• [Information shown]
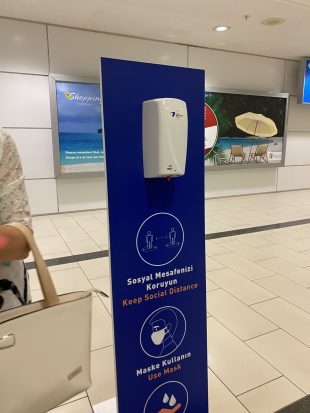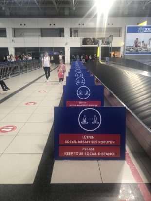 В аэропорту Антальи, ещё до паспортного контроля, сотрудники просвечивают туристов тепловизором, прикрикивая «Маска, маска!», и просят вставать в очередь к офицеру согласно разметке на полу.
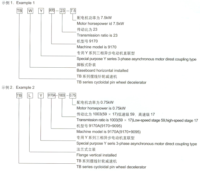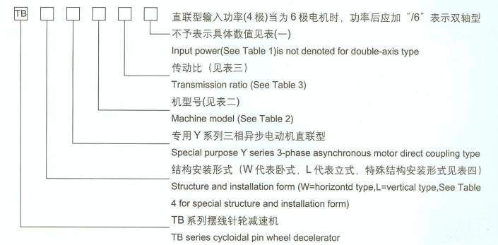 三、型號(hào)及規(guī)格 1、型號(hào)說(shuō)明 TBW擺線針輪減速機(jī)為雙軸型、腳板式臥式安裝 TBL擺線針輪減速機(jī)為雙軸型、法蘭式立式安裝 TBWY擺線針輪減速機(jī)為專(zhuān)用異步電機(jī)直聯(lián)型、腳板式臥式安裝 TBLY擺線針輪減速機(jī)為專(zhuān)用異步電機(jī)直聯(lián)型、法蘭式立式安裝
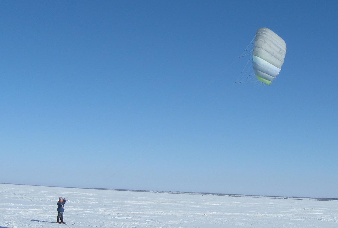 а это подростающее поклоение (5лет) Пилотировать мама учила минуты три. Дальше сам. На лыжи побоялись ставить. Наверное на следующий год. А за фал покатали. Ничего так - метров 500 проехал.

• [Exercise goal]
From the line containing "三、型號(hào)及規(guī)格 1、型號(hào)說(shuō)明 TBW擺線針輪減速機(jī)為雙軸型、腳板式臥式安裝" through the last line of the data above, write out every line word for word, and nothing else. Do not include the pictures.

• [Written answer]
 三、型號(hào)及規(guī)格 1、型號(hào)說(shuō)明 TBW擺線針輪減速機(jī)為雙軸型、腳板式臥式安裝 TBL擺線針輪減速機(jī)為雙軸型、法蘭式立式安裝 TBWY擺線針輪減速機(jī)為專(zhuān)用異步電機(jī)直聯(lián)型、腳板式臥式安裝 TBLY擺線針輪減速機(jī)為專(zhuān)用異步電機(jī)直聯(lián)型、法蘭式立式安裝
 а это подростающее поклоение (5лет) Пилотировать мама учила минуты три. Дальше сам. На лыжи побоялись ставить. Наверное на следующий год. А за фал покатали. Ничего так - метров 500 проехал.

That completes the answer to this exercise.